Mr Naron goes on to explain that in order to have an impact on poverty reduction the agriculture sector should grow by at least five percent each year.

But achieving this level of performance in agriculture is challenging, he points out.

“The potential for growth in agriculture through intensification and expansion of cultivated land has been impeded by the absorptive capacity of the domestic market, the mediocre quality of exported products, and the lack of demand for agricultural products in the region,” he states.

“We have to have more incentive for rural development,” said Neou Seiha, a senior researcher at the Economic Institute of Cambodia, acknowledging that a large proportion of Cambodia’s growth over the past decade has been due to development in urban areas.

“You can see that both [urban and rural areas] increase, but the richer are moving faster than the poor,” he said.

He added that the speed at which the agricultural sector grows would depend heavily on the government’s ability to improve both bureaucratic constraints and reduce corruption.

In his book Mr Naron also underlines that Cambodia still suffers from “chronic capital and technology shortages” in the agricultural sector.

Still, the International Monetary Fund expressed late last year that 2010 would see greater growth in the agricultural sector.

Such predictions were somewhat confirmed earlier this month when ground was broken on a Chinese-funded 332 km irrigation system worth $61 million in Battambang province. A gradually improving road network is also expected to bring down production costs for the industry.

Indeed, the amount of land used for rice is growing – up from 2.3 million hectares in 2000 to 2.6 million hectares in 2008. Yet, 80 percent of the rural poor still depend on rice growing for subsistence.
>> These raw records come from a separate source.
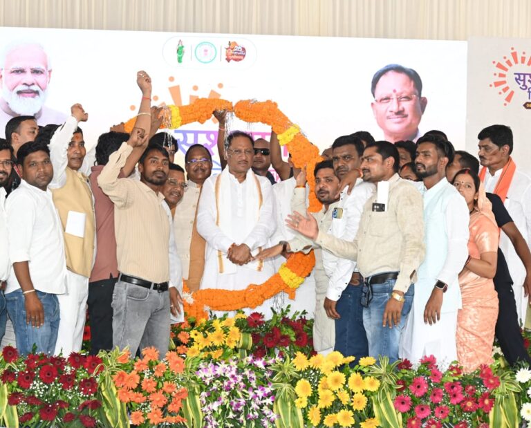 रायपुर: मुख्यमंत्री श्री विष्णु देव साय आज रायपुर जिले के ग्राम भैंसा में आयोजित सुशासन शिविर में शामिल हुए। इस अवसर पर उन्होंने देशभर में प्रधानमंत्री श्री नरेंद्र मोदी के नेतृत्व में 29 मई से 12 जून तक चलने वाले ‘विकसित कृषि संकल्प अभियान’ के तहत 10 जागरूकता रथों को हरी झंडी दिखाकर अभियान की शुरुआत की।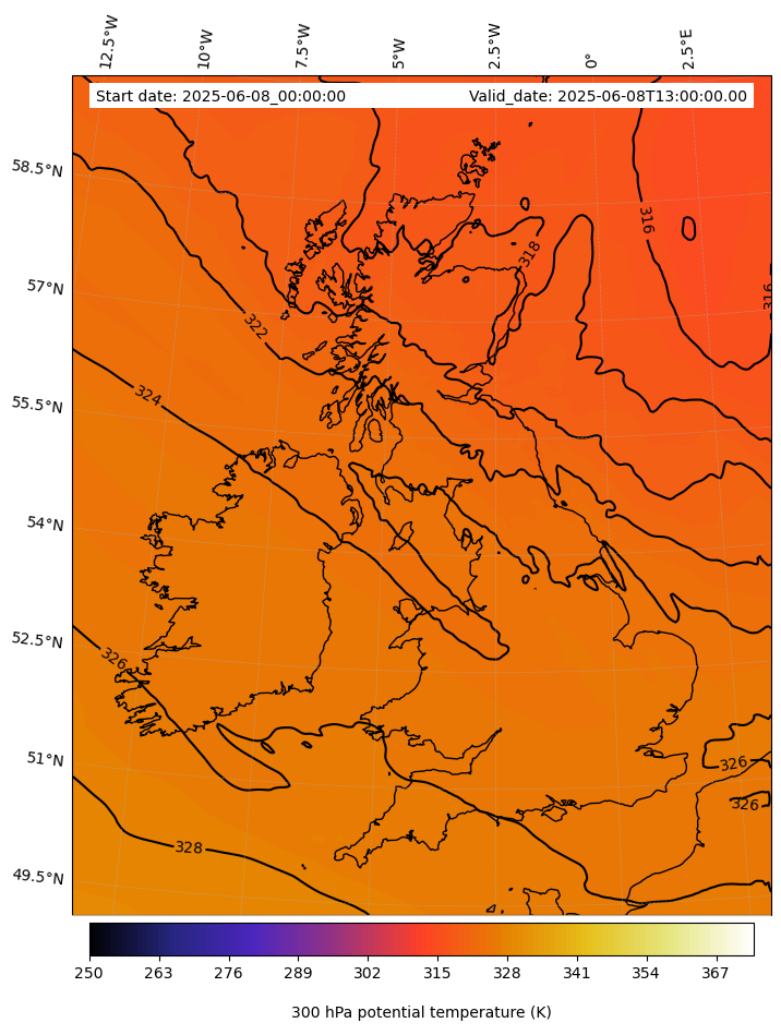 - Equivalent Potential Temperature (K)- 300 hPa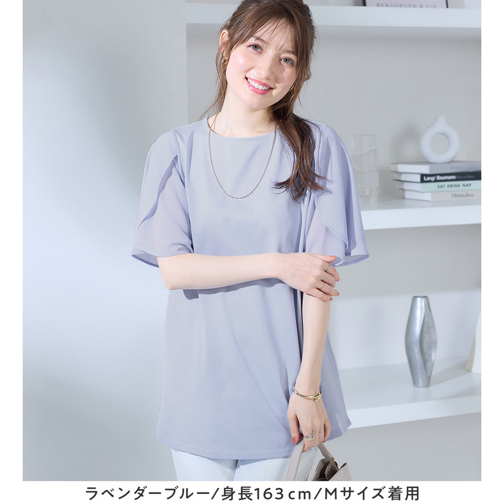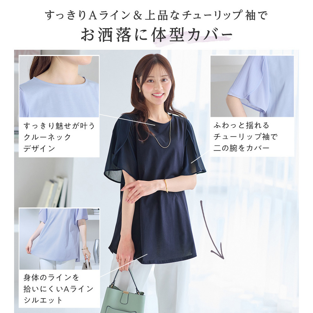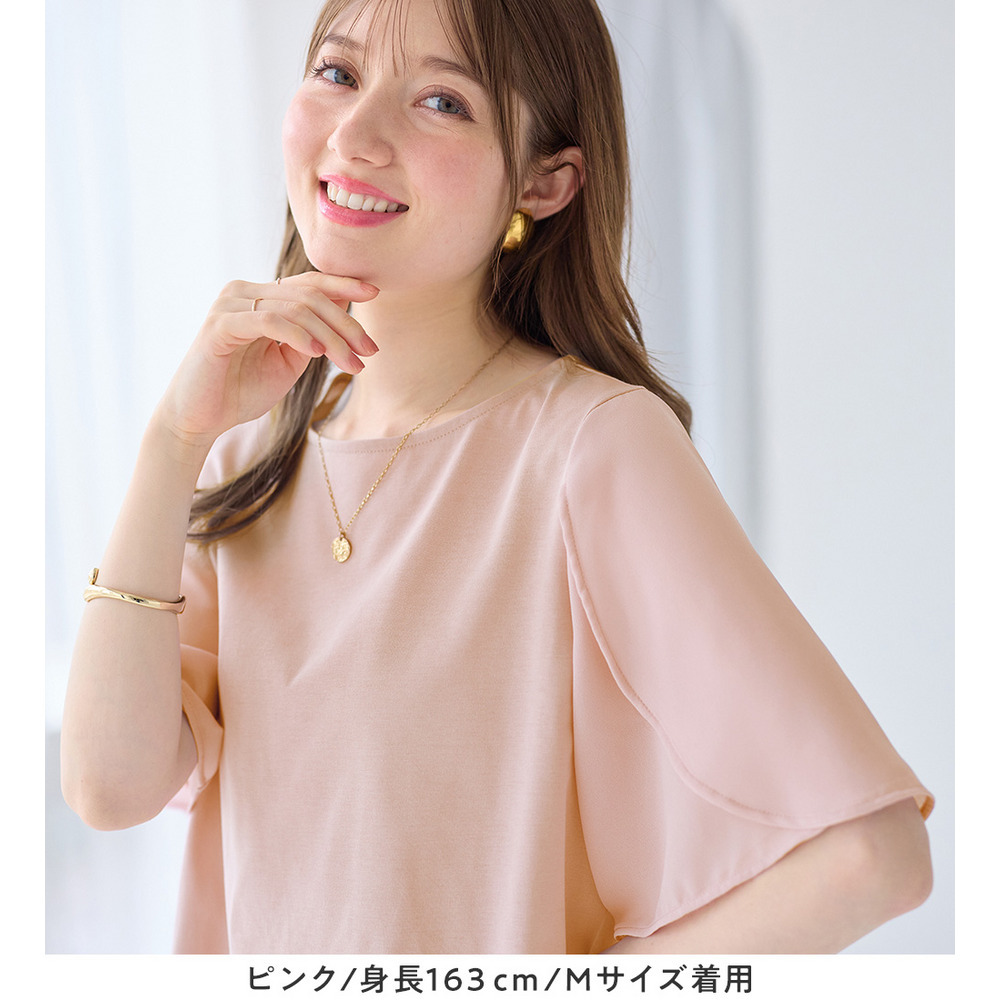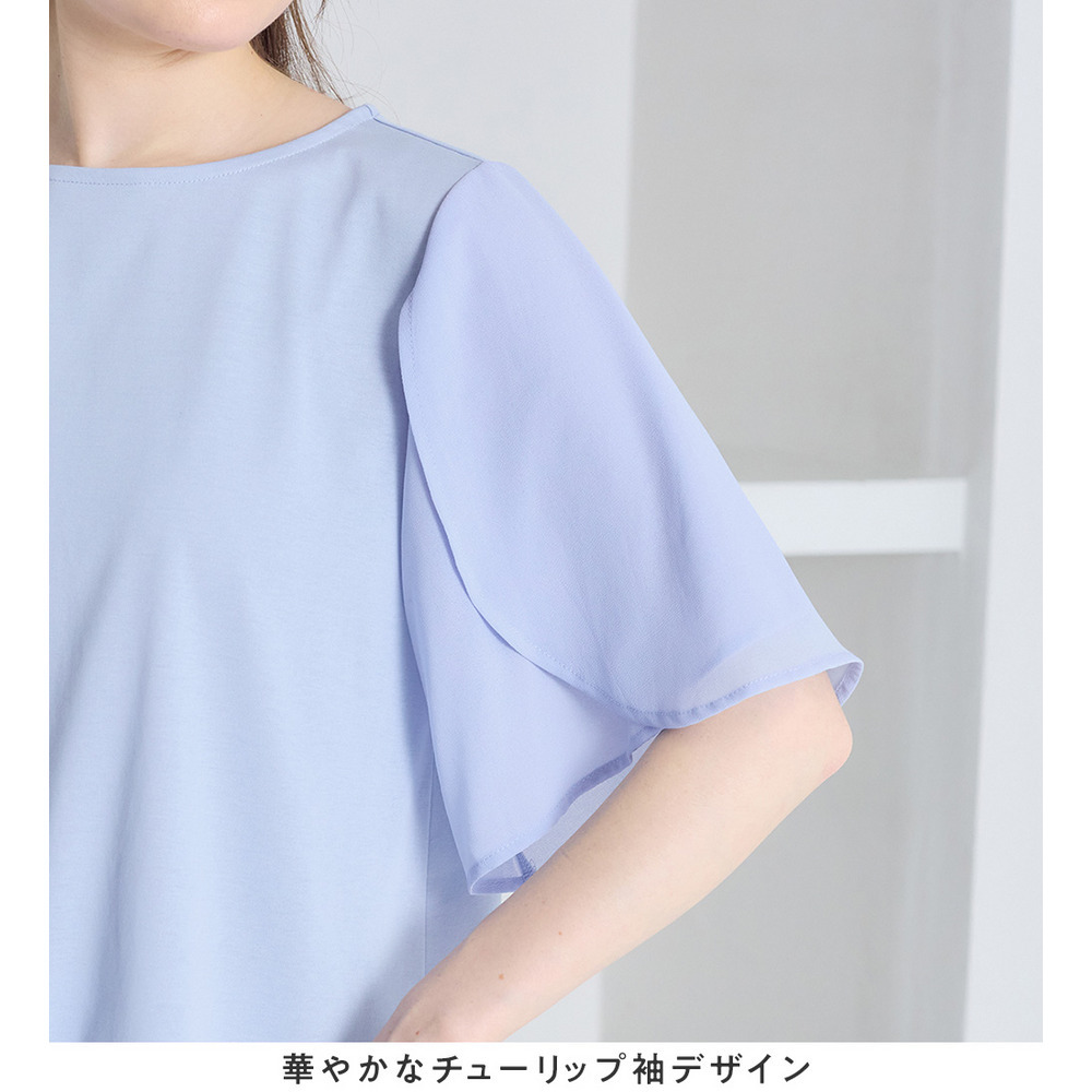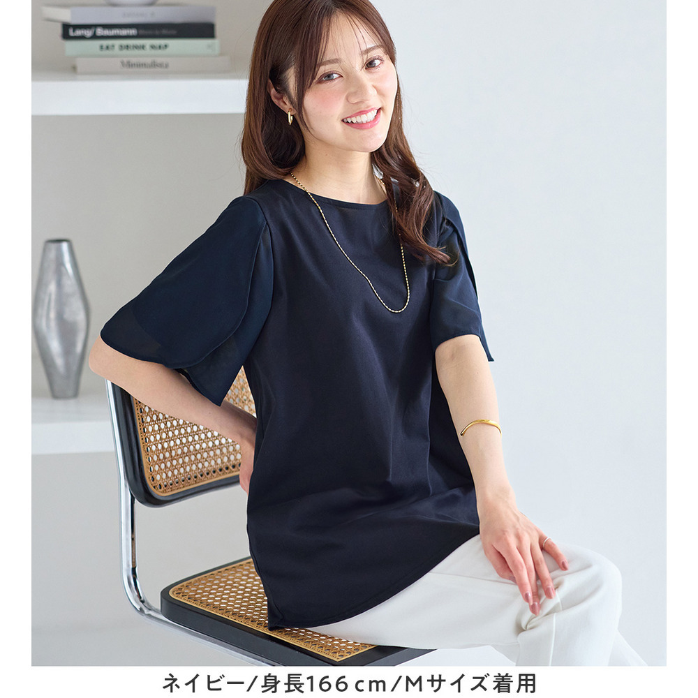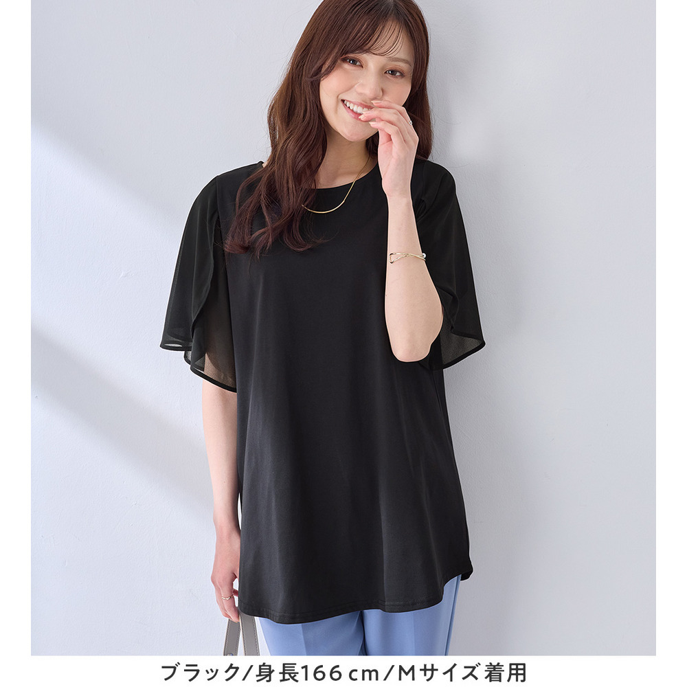 シフォン切替チューリップ袖チュニックTシャツ

Land disputes on agricultural land are also curbing the potential for sustained growth in the industry, according to Mr Naron.

Mr Naron states that landless agricultural workers comprise of about 15 percent of the total number of farmers. “But this relatively egalitarian situation is rapidly worsening,” he states.

Other issues in need of dire attention include the quality of seeds for rice – a mere two percent of cultivated land uses certified seeds -, storage space for harvested produce and poor irrigation.

By developing these areas Cambodian farmers will be able to eliminate the use of middlemen who distort the market and ignore price signals from fluctuations in supply and demand in urban areas, Mr Naron states.

Of over 30,000 agro-business firms currently in operation, 91 percent employ less than five people and have a capital outlay of less than $1,000.